Medicines

Study of NHC’s precursor to molnupiravir’s antiviral properties against SARS-CoV-2 variants

The coronavirus disease 2019 (COVID-19) pandemic has been caused by a novel coronavirus, namely, severe acute respiratory coronavirus 2 (SARS-CoV-2). As a result of the sustained efforts of scientists, we are now equipped with several vaccines to combat the pandemic.

In the UK, the Medicines and Regulatory Healthcare Agency (MHRA) recently licensed the antiviral drug molnupiravir for use in patients with mild-moderate COVID-19. While it is known that drugs are most effective when started early, the exact window in which drugs can be used remains elusive.

In a new study, published on the bioRxiv* preprint server, scientists aimed to determine the reaction of the molnupiravir parent drug (NHC) to different SARS-CoV-2 Variants of Concern (VoCs). They also sought to establish the therapeutic window in a human lung cell model.

Study: Antiviral activity of molnupiravir precursor NHC against SARS-CoV-2 Variants of Concern (VOCs) and its therapeutic window in a human lung cell model. Image Credit: Quality Stock Arts / Shutterstock

Molnupiravir in the treatment of SARS-CoV-2 Infection

Molnupiravir is an antiviral pro-drug that was initially developed to counter the influenza virus. It is currently undergoing clinical trials in humans for the treatment of COVID-19.

Some preliminary results have indicated that the drug reduced the risk of hospitalization or death by 50%. It was further noted that the efficacy was unaltered by the timing of symptom onset, underlying risk factors, or a particular variant type.

Scientists have observed, in a ferret model, that treatment of SARS-CoV-2 infection with molnupiravir resulted in reduced upper respiratory tract viral load and also blocked transmission between animals.

The results were robust in a mice model as well, and a combination of molnupiravir and favipiravir was also found to be effective in a hamster model. However, most of these studies used an early variant of the virus rather than the more recent VOCs.

The parent drug of molnupiravir is known as NHC or ß-D-N4-hydroxycytidine. In two independent studies, the efficacy of NHC (against the Alpha and Beta variants in Vero E6 and Calu3 cells) has been demonstrated. However, the drug efficacy at inhibiting viral replication to the Delta variant has not been documented yet.

In the current study, scientists wished to fill this gap in the literature, and they used a human lung epithelial cell model (hACE2-A549 cells) to this end. 

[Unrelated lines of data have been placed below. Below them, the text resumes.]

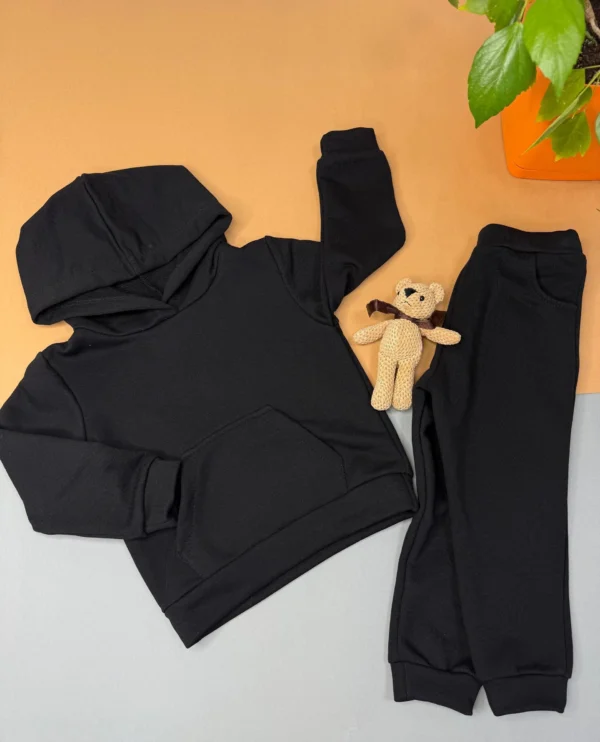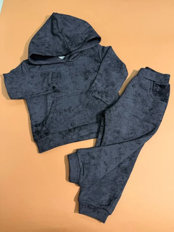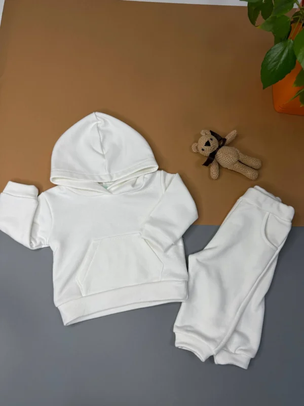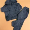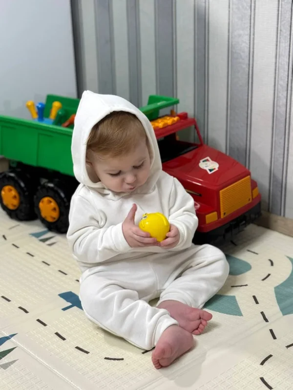 Костюм із петлистого трикотажа, виготовлений зі 100% натуральної бавовни з петлевою текстурою. Це зручний спортивний комплект, який поєднує практичність і стиль. Кофта з капюшоном і місткою кишенею-кенгуру дарує комфорт та захист у прохолодну погоду. Штани з бічними кишенями та манжетами на ніжках створюють зручну посадку і не сковують рухів. Манжети на рукавах також додають комфорту та утримують тепло. Натуральна тканина приємна до тіла, дихає й підходить для щоденного носіння. Ідеальний варіант для прогулянок, ігор і повсякденного гардеробу малюка.
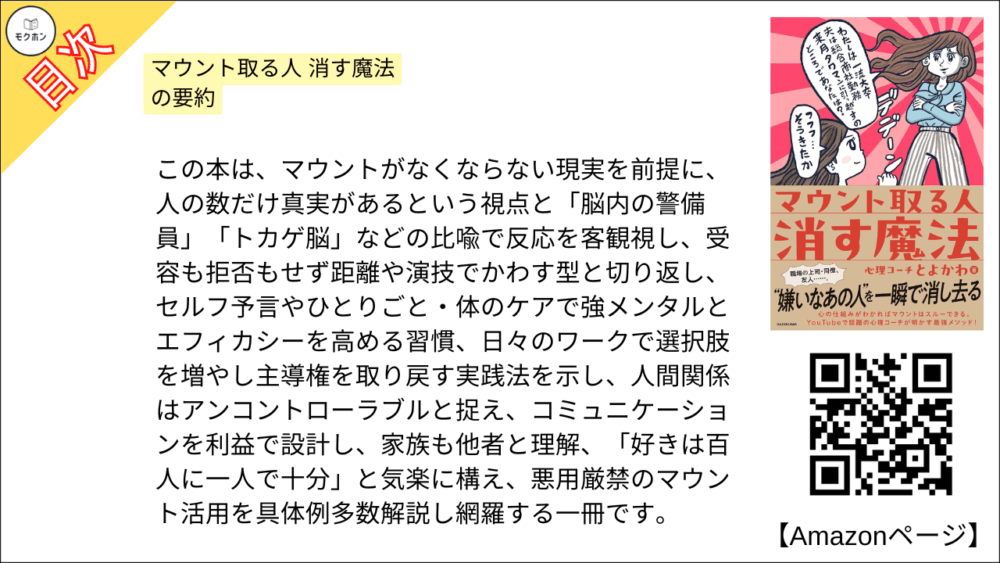 【全目次】マウント取る人 消す魔法 / 心理コーチとよかわ【要約・もくじ・評価感想】#マウント取る人消す魔法 #心理コーチとよかわ
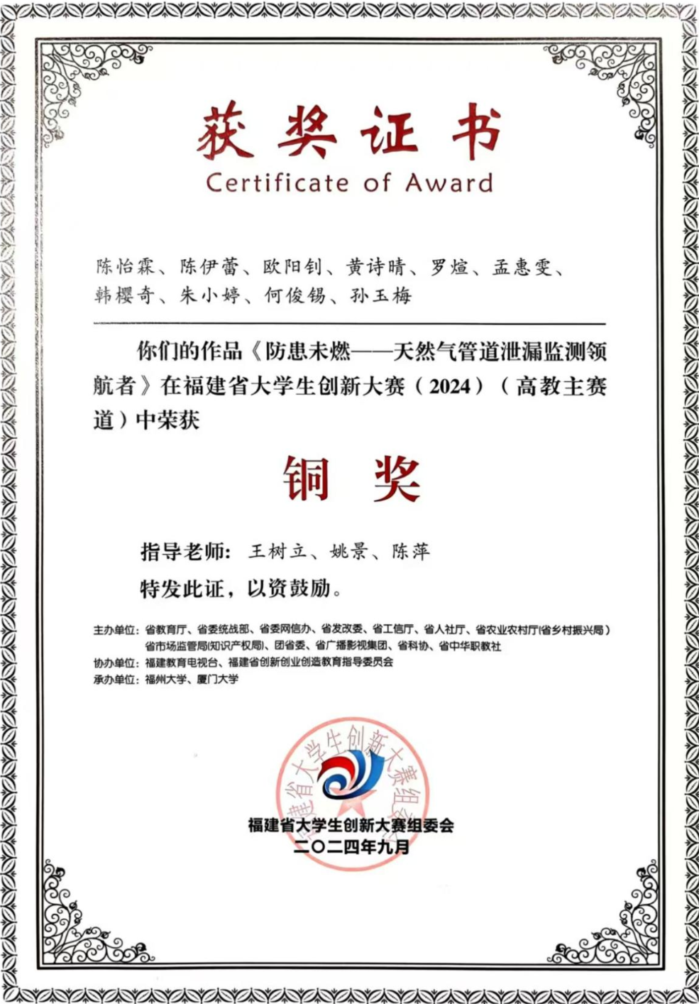 2024年09月 荣获福建省大学生创新大赛(2024)高教主赛道铜奖
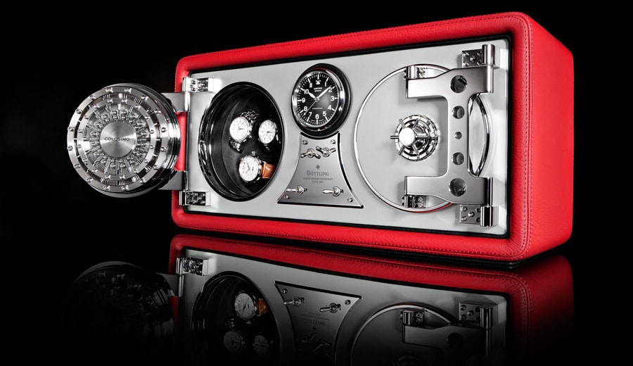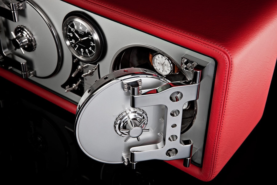 Источником вдохновения для дизайнеров Döttling стал Mercedes-Benz 300 SL Gullwing 1954 года выпуска. Первое, что бросается в глаза - встроенные часы Wempe Zeitmeister, расположенные в центре сейфа Colosimo Double Wing, как на приборной панели легендарного спорткара. Данью изысканности интерьера автомобильной легенды являются группа переключателей и корпус сейфа, обтянутый красной телячьей кожей.
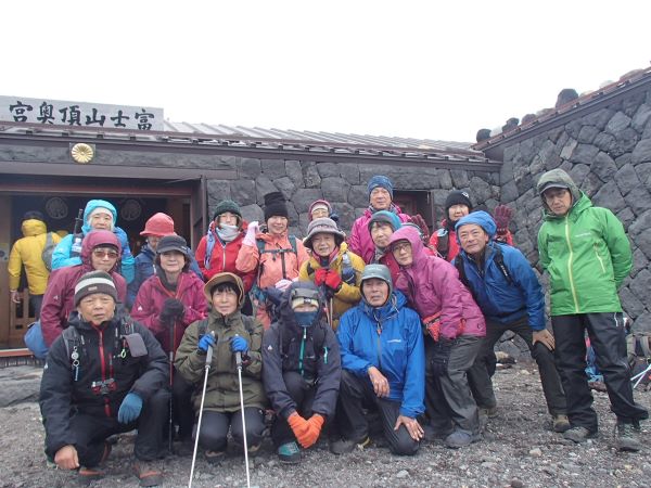 7/15(土) 真夜中午前0時起床、小屋は出発する客で大混雑。午前0時40分頃御来光山荘出発。小屋を出ると強風が吹きつけていました。元祖七合目・山口山荘でメンバーの1人が体調を崩す。小屋に少しの時間でもいいから休ませてくれないか交渉するも巌として受け付けない。仕方なく山倉リーダーの付き添いで下山。担当リーダーとしても残念でしたが、本人が最も残念だったと思います。元祖七合目・山口山荘上部から本格的にジグザク道が始まり、八合目・池田館を経て九合目・万年雪山荘到着。富士宮ルートで初めて、この時間帯にも利用できる食堂がありコーヒーやお汁粉等を飲みほっとできました。九合目・万年雪山荘から九合五勺・胸突山荘を経て、頂上直下の白い鳥居をくぐって富士宮口頂上、本宮浅間大社奥宮到着。奥宮を参拝したり、郵便局に立ち寄ったり、全員で登頂写真を撮ったりと思い思いに過ごしました。その後、強風の中を富士山頂剣ヶ峰に向かう。登山ルート毎に登り切った地点を山頂と名乗ってはいますが、やはり、この剣ヶ峰(3,776m)こそが正真正銘の富士山頂、日本最高地点、日本のてっぺんです。この剣ヶ峰で奥宮に戻るグループとお鉢巡りグループに分かれる。奥宮に戻るグループには森本リーダーがついてくれました。お鉢巡りは強風ではあったが順調に吉田口頂上の売店が並ぶ場所を通過。朝日岳手前の荒巻(火口から吹き上げる風の通り道)で猛烈な暴風に会う。吹き飛ばされないように風よけの石垣を必死に掴みながら突破。荒巻を通過後は特段の困難はなくスタート地点の奥宮に到着、売店で休憩後下山開始。富士宮ルートは往路がそのまま下山路になる。今日は真夜中にスタートしただけに、休憩を多く取ってはいるがメンバーの疲れもピーク。ゆっくり、慎重に下山を開始する。途中、メンバーの1人が体調不良を訴え、元祖七合目・山口山荘で休憩。森本リーダーとメンバー1人が付き添うことになった。新七合目・御来光山荘で預けてあった荷物を受け取り五合目に向けて下山を再開し、富士宮口五合目に全員集結後観光バスで旅館に向かいました。宿泊した旅館は富士山の展望が最大の売りになっており、最上階の大浴場から見た富士山は見事の一言でした。7/15(土)の富士山頂気象(気象庁調べ)最高気温7.1℃ 最低気温1.5℃ 風速20~26m/s(荒巻ではこの数値は超えていたと思われます) |
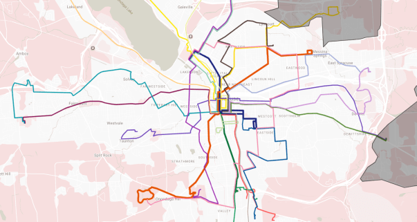 That’s the central promise of Centro’s service: the buses might not run very often, and they might not run very fast, but if you catch one headed Downtown, then you have access to a pretty large area of Onondaga County.
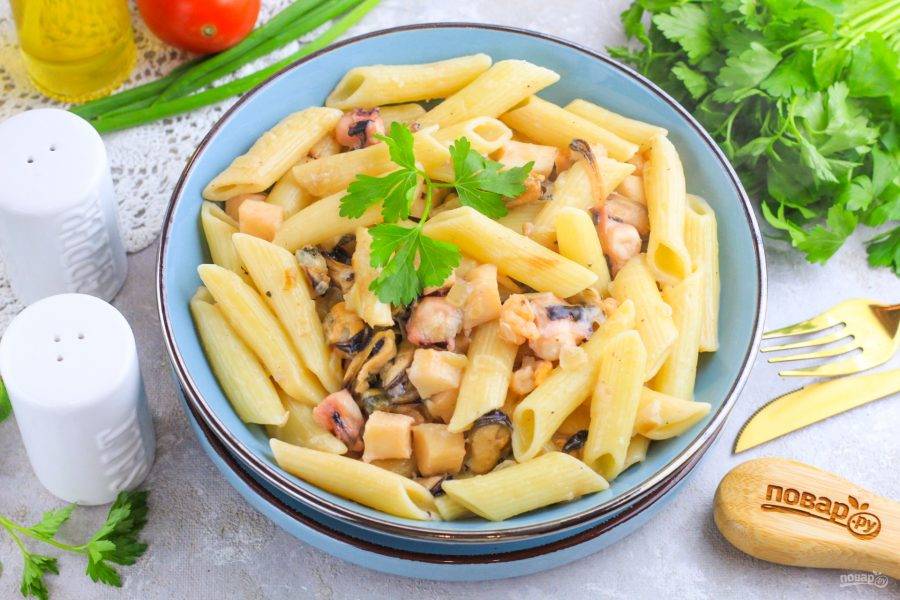 Выложите сочную и аппетитную пасту с морепродуктами в тарелки и подайте к столу горячей.
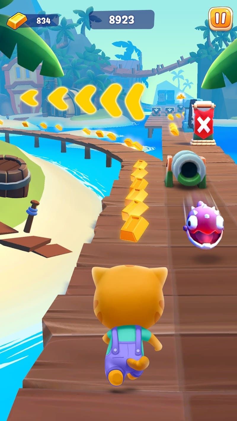 Talking Tom Gold Run 2 is the highly anticipated sequel to the popular endless runner game Talking Tom Gold Run. In this game, players control Tom as he embarks on a thrilling chase to catch the robber who stole his gold. The gameplay is fast-paced and involves running through various dynamic environments, dodging obstacles, and collecting coins to upgrade Tom's skills. One of the standout features in Gold Run 2 is the wide range of unlockable characters, each with unique abilities. As you progress, you can unlock new outfits and skins for your characters, adding an extra layer of customization. The graphics are vibrant, and the environments are diverse, keeping the gameplay fresh. In-app purchases are available, allowing players to speed up progression, but they are not essential to enjoy the game. Overall, Talking Tom Gold Run 2 offers a fun, addictive experience, perfect for fans of endless runners.
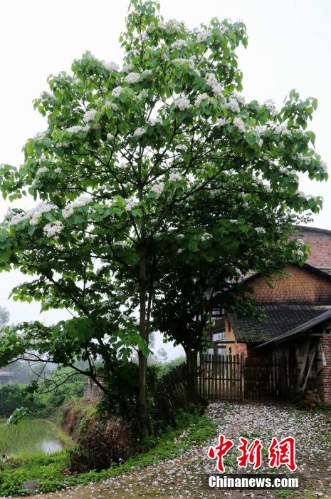 5月8日,位于广西融安县长安镇209国道旁山坡上,数百余棵油桐花同时盛开,延绵数公里,满山遍野百花点点,令不少过往车辆停车驻足、拍照留念。油桐树结果后可以提炼桐油,桐油是当地的船家用于龙舟、木船、渔具的防水、防腐涂料。卫纲 摄
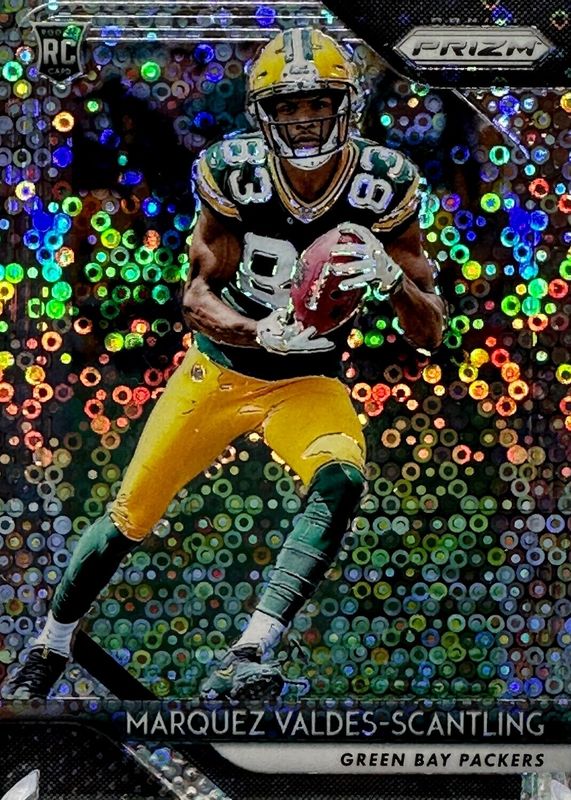 This card is 1 of 22 Marquez Valdes-Scantling's card variations in the 2018 Prizm set being tracked by Sports Card Investor, including Base, Green, Lazer, Neon Green Pulsar, and Red White Blue.
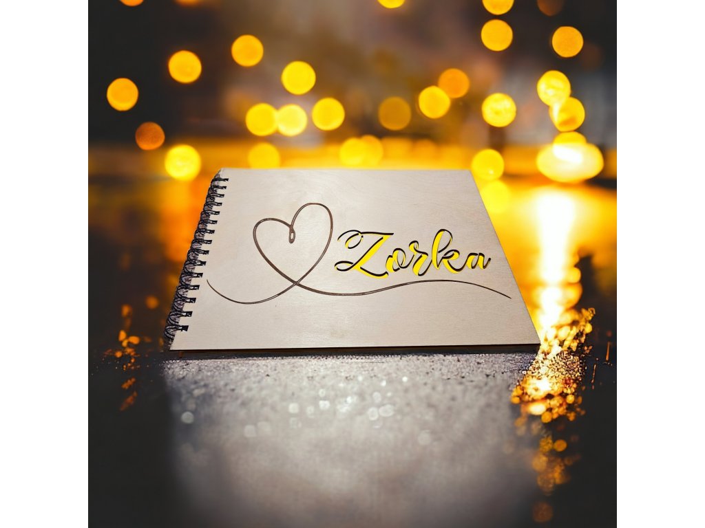 Elegantní dřevěné fotoalbum A4 s výřezem na přání. Březová překližka, kovová kroužková vazba 38 mm, možnost personalizace jména, textu i motivu.
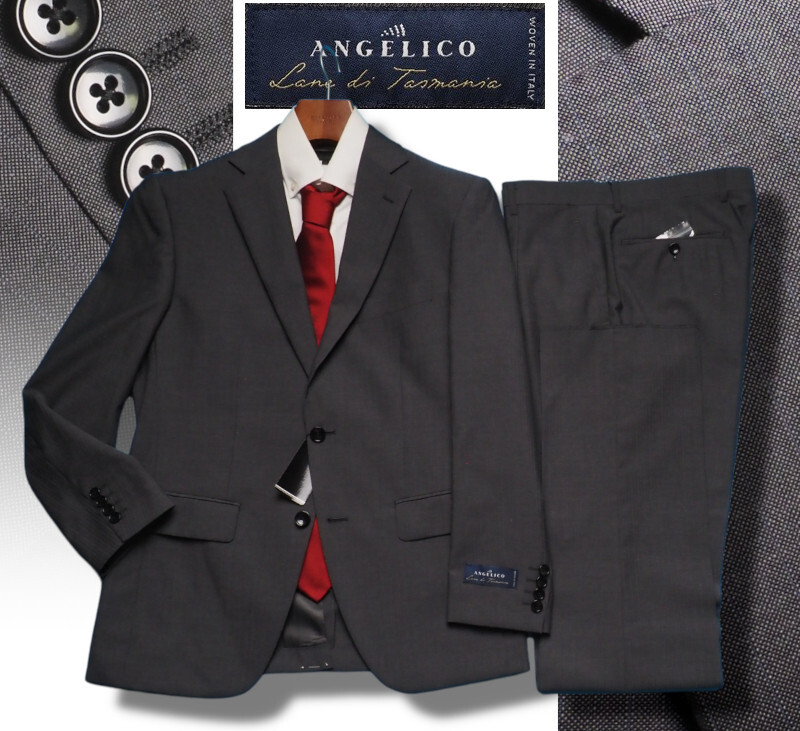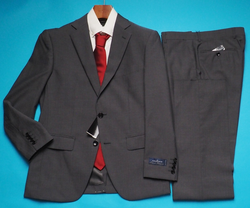 新品8万円 大手百貨店扱い 春夏『ANGELICO アンジェリコ イタリア製生地』ウール100% ストライプ スーツAB6灰(16) 18S-AG-1-1

In-vitro cytotoxicity of NHC to hACE2-A549 cells. Cytotoxicity of different concentrations (in µM) was measured using the Cell-titer Glo Assay to measure the percentage ATP production in treated cells compared to mock treated cells (n=7). There was no significant difference in % ATP production of cells compared to control cells in most concentrations of NHC, except at 10uM (p<0.0001) and 0.1µM (p=0.02). To determine the inhibitory activity of NHC against different VOCs and an ancestral B-lineage virus, dose response assays were performed by infecting hACE2-A549 cells at an MOI of 0.1 in media alone and in media containing 0.01, 0.1, 1, and 10µM NHC. After 72 hours incubation, cell supernatants were removed, and viral titres determined by plaque assay. The IC50 (the concentration of drug required to inhibit virus titre by 50%) was determined using non-linear regression with GraphPad Prism 9. The results demonstrated similar IC50 values for each variant and the ancestral strain of between 0.04 and 0.16µM concentrations.
In-vitro cytotoxicity of NHC to hACE2-A549 cells. Cytotoxicity of different concentrations (in µM) was measured using the Cell-titer Glo Assay to measure the percentage ATP production in treated cells compared to mock-treated cells (n=7). There was no significant difference in % ATP production of cells compared to control cells in most concentrations of NHC, except at 10uM (p<0.0001) and 0.1µM (p=0.02). To determine the inhibitory activity of NHC against different VOCs and an ancestral B-lineage virus, dose-response assays were performed by infecting hACE2-A549 cells at an MOI of 0.1 in media alone and in media containing 0.01, 0.1, 1, and 10µM NHC. After 72 hours incubation, cell supernatants were removed, and viral titers determined by plaque assay. The IC50 (the concentration of drug required to inhibit virus titer by 50%) was determined using non-linear regression with GraphPad Prism 9. The results demonstrated similar IC50 values for each variant and the ancestral strain of between 0.04 and 0.16µM concentrations.

Key Findings

For this study, researchers performed dose-response assays (in parallel) to determine the IC50 (the concentration of drug 32 required to inhibit virus titer by 50%) of NHC, and this was done for different variants of SARS-CoV-2.

Human ACE-2 A549 cells were treated with NHC at different time points of time, i.e., either before, during, or after infection with SARS-CoV-2.

The active metabolite of molnupiravir is ß-D-N4-hydroxycytidine (NHC). In this study, researchers showed that ß-D-N4-hydroxycytidine (NHC) has similar activity against four variants of SARS-CoV-2 (B-lineage, Alpha, Beta, and Delta) in a human lung cell line.

The IC50 was found to be in the range of 0.04-0.16µM. Scientists also demonstrated that the activity of the drug began to drop after 48 hours post-infection.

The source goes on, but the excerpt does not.